An AI Agent that can answer questions about GitHub repositories for a user or an organization.
- Create a new repository using coloradocollective/ai-agent-assignment as a template.
- Create an OpenAI API Key and record the value.
- Add a repository secret
named
OPEN_AI_KEYand set your key from the previous step as the value. - Create a GitHub token with repository access and record the value.
- In GitHub actions start the test workflow to see that it passes.
- Clone your repository locally.
-
Copy the example environment file and fill in the necessary values.
cp .env.example .env source .env -
Run the app then visit localhost:5050.
uv run -m discovery
-
Paste your GitHub token into the login screen and ask a few queries.
-
Run fast tests
uv run -m unittest
-
Run slow tests
source .env RUN_SLOW_TESTS=true uv run -m unittest
Use the GitHub API documentation and add a new tool.
- In the GithubClient, define a method that calls the GitHub API endpoint you've chosen.
- Add a function to github_tools that calls your new method in the GitHub client.

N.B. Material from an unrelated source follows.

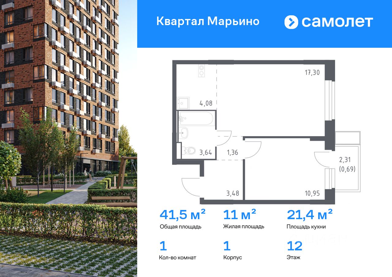 Строим кварталы для жизни с заботой о будущем. Предлагается 1-комнатная квартира комфорт-класса 41,5 кв.м в корпусе 1 на 12 этаже, в ЖК "Квартал Марьино"
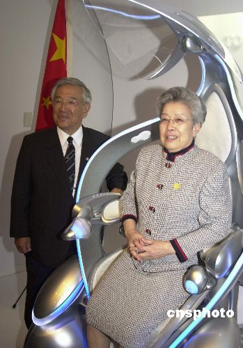 五月十九日,中國副總理吳儀參觀了愛知世博會豐田館。日本世博會協(xié)會會長豐田章一郎向吳儀副總理介紹豐田公司展出的未來型概念車。作者:王健

Return a JSON string of the data returned by the method.
- Add a Python docstring to your function that describes how OpenAI should use the function.
- Add the
@tool()decorator to the function. - Register the new tool by adding it to the list of tools that are returned by the
github_toolsmethod.
Run the application and see if you can have OpenAI use your tool to fetch data.
Now make sure the agent integrates properly with OpenAI to use your tool. This test will use the LLM and take more time to run. The focus of the test should be to check that the agent uses the correct tool to answer the question, but we have limited ability to check that the response is correct.
- Define a
test_method in test_repository_agent.py that will cover the new tool that was added. - Decorate the test method with the
@slowdecorator. - Add the
@responses.activatedecorator to the method to enable stubbing the API call. - Stub the API that your tool uses.
- Send a question to the agent and assert the correct tools are called
- Next, assert the response by spot-checking for relevant word(s).
- Make a commit and push your changes to the GitHub repository.
- Check to see that your test pass in the GitHub action, then submit your repository URL to Canvas.